New data from DPS shows Brett Smith went back and forth for nearly two years with DPS to appeal denials in his application to get a clearance card.

CHANDLER, Arizona — Chandler tutor Brett Smith is currently under investigation after seven families filed complaints with local law enforcement about Smith's interactions with their children.  

The complaints came in July after DPS filed a lawsuit against the Arizona Board of Fingerprinting for approving Smith for a clearance card.

Smith was first to file a lawsuit in March 2020 after DPS refused to issue his clearance card.

Josephine Hallam, one of Smith's attorneys, says the backlash is driven by DPS, not by Smith's actions.

"I don’t think DPS has any standing to stop this," Hallam says. "The Fingerprint Board’s order to give him a card has to be honored."

Court records show Brett Smith used to be Brett Zagorac.
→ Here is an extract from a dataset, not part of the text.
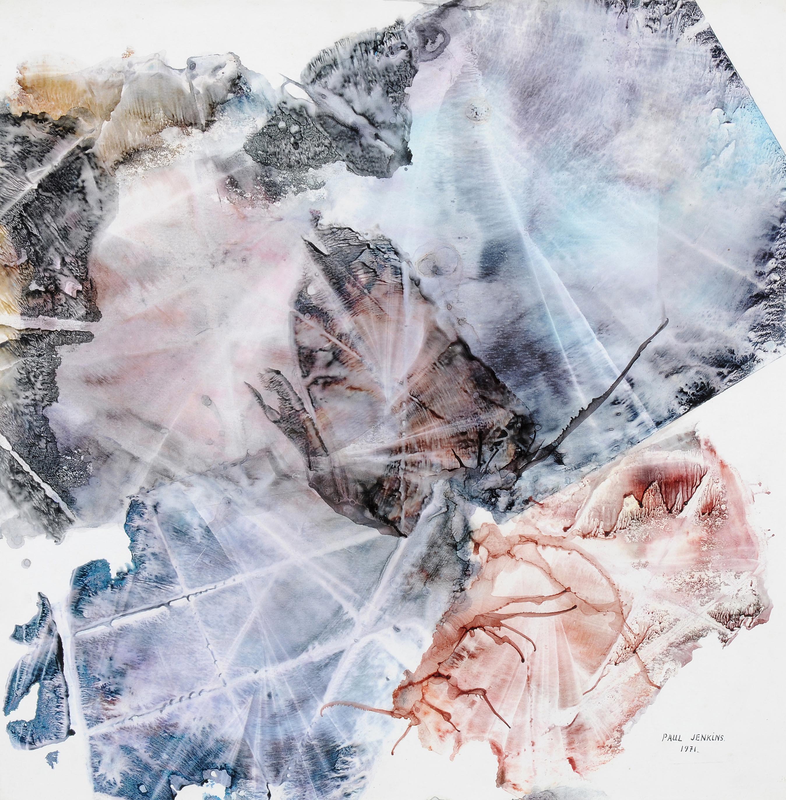 Ohne Titel. 1971. Abklatsch auf Karton. Unten rechts in Tusche signiert und datiert. Kartongrösse 44x44 cm. Gerahmt. -Ränder und Ecken leicht bestossen. Minimster oberflächlicher Abrieb.

He's now a self-employed tutor with a criminal background that goes back nearly 20 years.

Court records show Zagorac was arrested at least 10 times in Indiana and Illinois from 2002 to 2015 for a variety of charges ranging from inappropriate touching to sexual abuse. These accusations all came from his time working as a substitute teacher or while he was hired for private tutoring.

In multiple cases, he was accused of using different names to try and hide his past.  
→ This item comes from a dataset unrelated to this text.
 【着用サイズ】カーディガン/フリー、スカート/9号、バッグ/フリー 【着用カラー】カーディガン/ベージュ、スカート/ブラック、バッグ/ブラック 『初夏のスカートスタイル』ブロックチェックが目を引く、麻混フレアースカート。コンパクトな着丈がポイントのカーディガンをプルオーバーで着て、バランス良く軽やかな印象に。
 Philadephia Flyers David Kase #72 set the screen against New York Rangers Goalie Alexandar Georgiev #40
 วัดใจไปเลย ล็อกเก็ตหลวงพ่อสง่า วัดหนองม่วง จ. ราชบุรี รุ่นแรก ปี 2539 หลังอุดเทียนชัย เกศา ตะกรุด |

In some cases, the charges were dropped. In three incidents, he was convicted of misdemeanor battery and served time in jail.

New data from a Department of Public Safety records request shows Smith went back and forth for nearly two years with DPS to appeal denials in his application to get a clearance card in Arizona.
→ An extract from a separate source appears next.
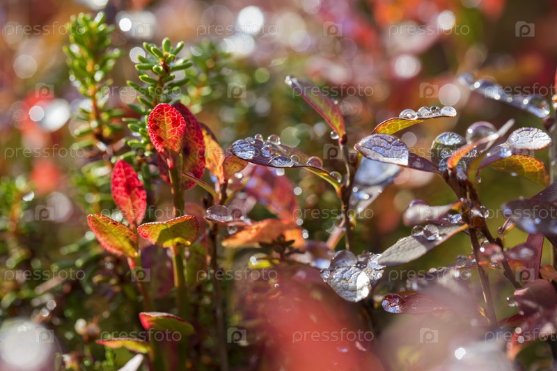Листья после дождя на солнце

In 2018, records say Zagorac applied for a fingerprint card in Arizona and was denied by Arizona's Board of Fingerprinting because of his past record.

In May 2019, court documents say he legally changed his name from Brett Zagorac to Brett Smith through Maricopa County.

A month later, in June 2019, he was denied again by the board.

But then in September 2019, he applied for what’s called a “Good Cause Exception” which can be granted to people with criminal pasts who the board feels are reformed. In November, the board approved, after a judge found that Smith had been rehabilitated.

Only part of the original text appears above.